A gasp of dismay. Swift reaction. But attempts at rescue
are futile as you are lost in the bubbles and blackened residue,
a seared soul that has no hope, a daring devil that lost his
safety rope.

To whom does this unexpected morsel now get served?
What piquant flavour have you added to the meal on this
singular occasion? No one knows - not even the cook,
oh deep-fried spider.

 

 

Oh reckless spider, what was your plan when you dropped from
the extractor fan? Like Robbie Bruce did you wear a kilt
as you dangled from the tenuous silk

viewing the scene. Were you wondering what
Was cooking in the bubbling pot with pieces of meat that sizzled and spat
And thinking ‘What strange stuff is that?’
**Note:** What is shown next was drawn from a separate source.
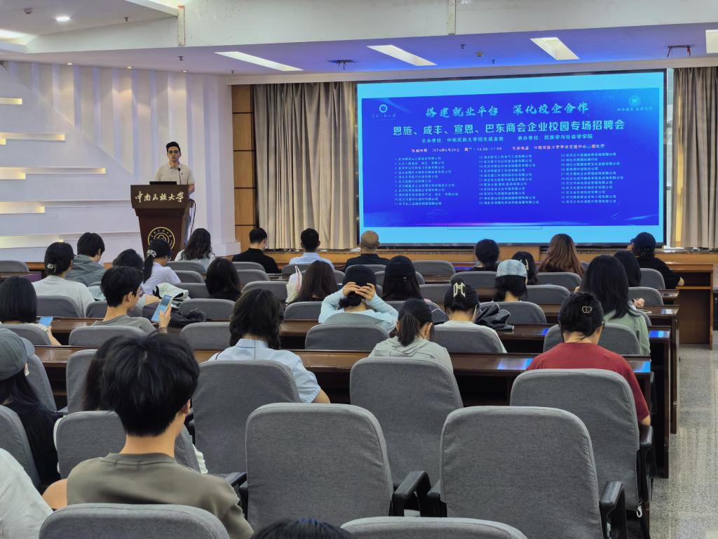 5月29日下午,由威尼斯官网招生就业工作处主办、民族学与社会学学院承办的恩施、咸丰、宣恩、巴东商会企业校园专场招聘会系列活动在威尼斯官网学术交流中心二楼举行,面向民社学院和威尼斯官网应届毕业生开展公司宣讲会和招聘活动。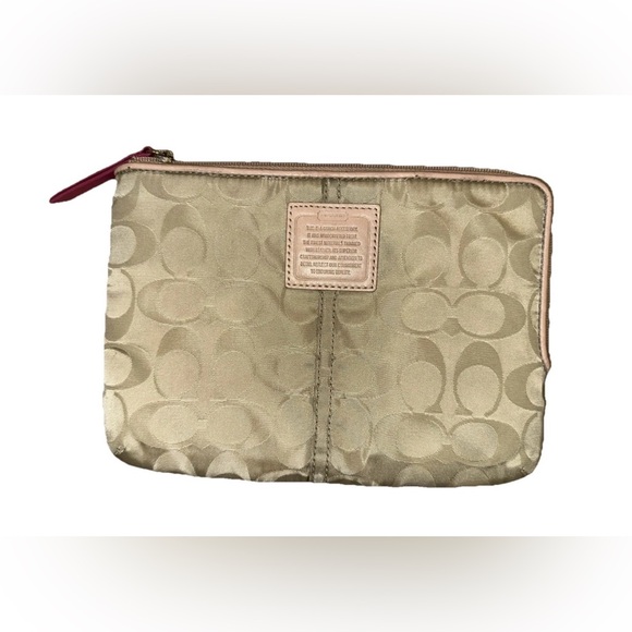 Coach Legacy Weekend Signature Nylon Sleeve Case Pouch Khaki Pink Accent

Did a splatter of oil, a gust of steam then rise up and
disturb the scene, make you lose your grip and tumble
into the pot – or did you fumble?

A dismayed gasp, a swift reaction. Attempts at rescue bring
no satisfaction. Your cries for help are very few as you’re lost
in the blackened residue.

To whom does this morsel now get served? Our troubled cook feels
quite absurd and hopes your presence just adds flavour
for the family to savour.

Not a word of caution does she utter as she serves the
Sunday supper, the schnitzel she prepared with care, and yet
she knows the spider’s there

somewhere on somebody’s plate. A comment ‘s made ‘This
food is great. The best you’ve made in a quite a while.’
I wonder why she doesn’t smile?
Oh silly spider, what a pity you didn’t sit all
snug in your web. Now you’re spider schnitzel!